It did with a thud. “He didn’t know she was dead?”
“Eventually he remembered.” Maybe Van kept stopping because he didn’t know what to say. She didn’t know what to say. Of all the scenarios she’d imagined drawing her home, this was the one she really hadn’t wanted to face. “I’m sorry,” Van said.
“How bad is he?” Her grandmother had died after battling Alzheimer’s disease. Her father had deeply feared a similar fate. “Is this a one-night problem, or could it be my grandmother’s illness?”
“I don’t know.” Van’s weariness scared her more than his words.
“Mommy?”
“Everything’s all right.” Straightening, she yanked the frying pan off the burner and spoke firmly, to comfort her child and to keep Van from guessing she was talking to a little one.
Hope, who’d been through too much, misunderstood and ran to her room. Cassie followed her into the hall. She couldn’t explain Van to Hope or her to him.
“I have to come home.” She’d been raised by a loving mother and a responsible father who’d taught her to think of others. Rarely had she been selfish in her life—not because she was noble, but because her parents had never accepted such behavior. But—home?

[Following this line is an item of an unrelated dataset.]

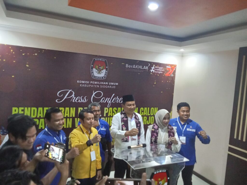 Kehadiran pasangan ini disambut antusias oleh para pendukung serta awak media yang telah menunggu sejak pagi. Dalam sambutannya, H. Subandi mengucapkan terima kasih kepada tiga partai pengusungnya, yaitu Partai Gerindra, Golkar, dan Demokrat, yang telah memberikan dukungan penuh dalam perjuangannya. Subandi juga menegaskan komitmennya untuk membangun Kabupaten Sidoarjo menjadi lebih baik dan berkeadilan.

She’d dreaded this day for five years, had felt it threatening like a bag of bricks hanging over her head.
She pulled herself together. “I’m coming.”
“I can take care of him.” Van stopped again.
“How?” she asked. “You’re not his next of kin. You’re not even family anymore.”
His breathing deepened. How could she possibly hurt him after all this time?
“I’m sorry,” she said.
“No, you’re right. It was crazy to offer. Not long after you left, he also told me to stay away. But I thought maybe that was an excuse I was happy to take.”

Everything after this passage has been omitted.